Keeper Gurney spent thirty-seven years in the light keeping service and felt that his son, Tom, deserved his position since Gureny’s job had prevented him from giving his “family the education they should have had.” A bit of a conflict arose because C. E. Carver, who had served for eleven years at Nootka, wished to be at an “in station” due to his failing health. The department ruled in favor of Carver, much to the delight of Mrs. Carver.
The original 1885 lighthouse was replaced in 1940 by a square keeper’s dwelling surmounted by a lantern room. In 1969, a cylindrical concrete structure topped by a lantern and galley was constructed to serve as the lighthouse, but the square dwelling was retained to house the keeper. The modern tower has a focal plane of 17.5 metres (57 feet), and flashes a white light every ten seconds.
Active Pass Light Station fell victim to the de-staffing movement of the 1990s when its last keeper, Jean Beaudet, left the station in 1997. Ownership of the property was transferred to the Gulf Islands National Park Reserve in 2006, while the Canadian Coast Guard still has responsibility for the navigational aids.

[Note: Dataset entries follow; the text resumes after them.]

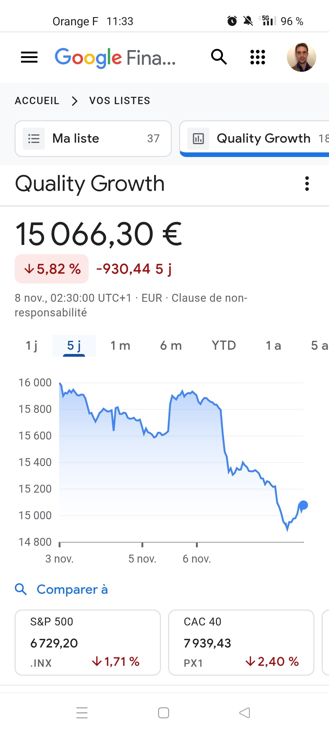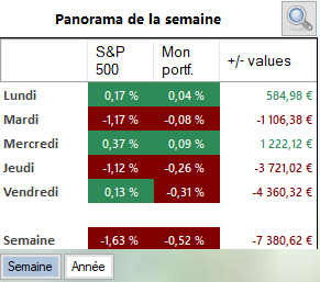 Je suis Ă moins 1,55% environ soit moins 1200âŹ.. mais bon attendons de voir la semaine prochaine.
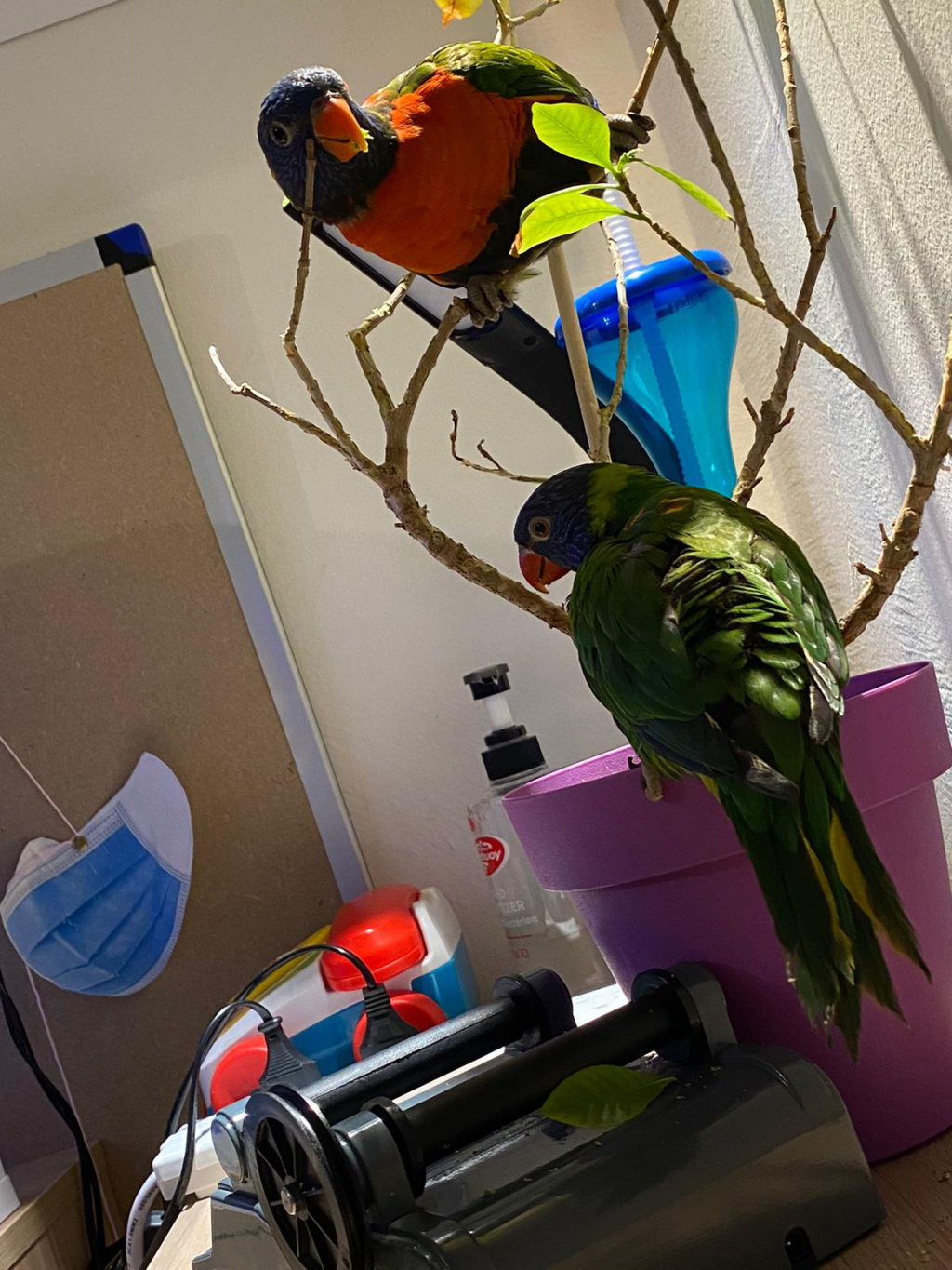 غالياتي .. أنا لاأحب حبس الطيور ولا أربيهم .. لكن هذين الطيرين وضعتهما الأقدار في طريقي .. ولأنهما يحبان عشرة البشر .. حملت نفسي تعب جديد في الترويح عنهما كل صباح لما يقارب الساعة وإطعامهما .. وأحببتهما الآن ولا مفر ولم يعد يومي بعد الصلاة والذكر يبدأ الا بهما .. وهذه أحدث صورة لهماغالياتي .. أنا لاأحب حبس الطيور ولا أربيهم .. لكن هذين الطيرين وضعتهما الأقدار في طريقي...
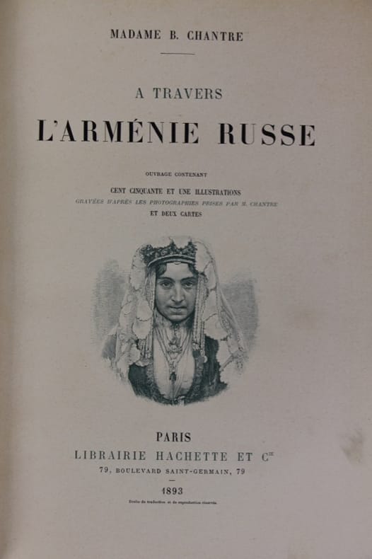 Madame B. CHANTRE, née Jeanne Bellonie BOURDARET, accompagne son époux Ernest Chantre (1843 - 1924), naturaliste, anthropologue et archéologue, spécialiste du Caucase, de l’Arménie et de l’Anatolie. Il effectue en compagnie de son épouse de multiples voyages en Asie Mineure, en Arménie et en Anatolie. Il est également photographe. Bon état d’occasion
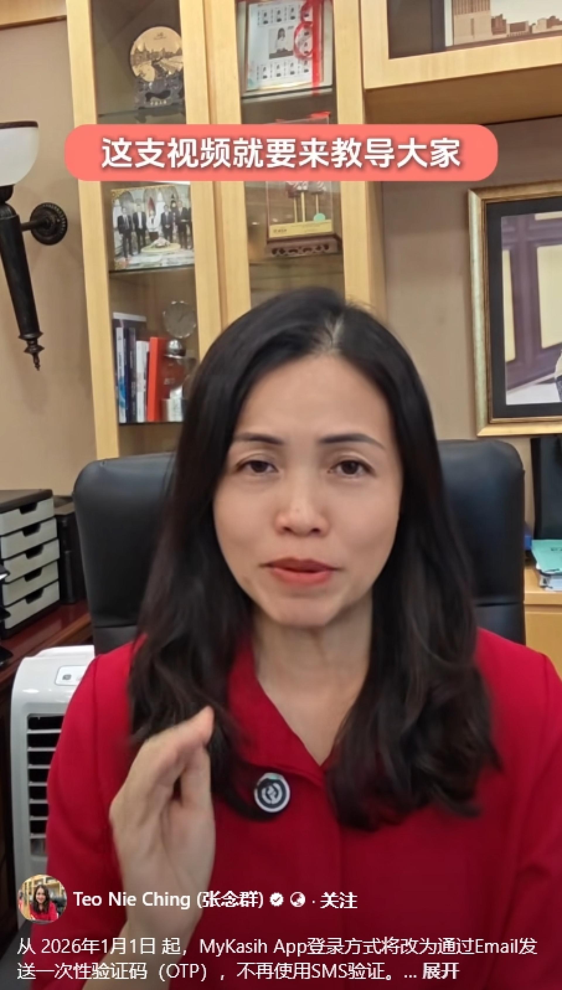 通讯部副部长张念群宣布,从明年1月1日起,“MyKasih”计划的手机应用程式,登录方式将由原本的发短讯验证,改为透过电邮发送“单次验证密码”(OTP)。
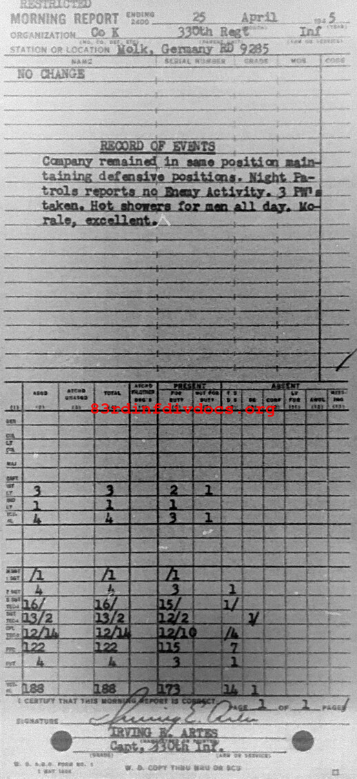 Morning report K/330 for April 25, 1945

Hopefully, the well maintained light station, with its bright white and red structures set against a dark evergreen background, will continue to delight BC ferry passengers as they thread their way through the breathtaking Gulf Islands for years to come.
Keepers: Henry Georgeson (1885 – 1920), Arthur Broughton Gurney (1921 – 1945), Clarence Edgar Carver (1944 – 1948), John Egerton Ruck (1968 – 1983), Don DeRousie (1983 – 1993), Jean Beaudet (1993 – 1997).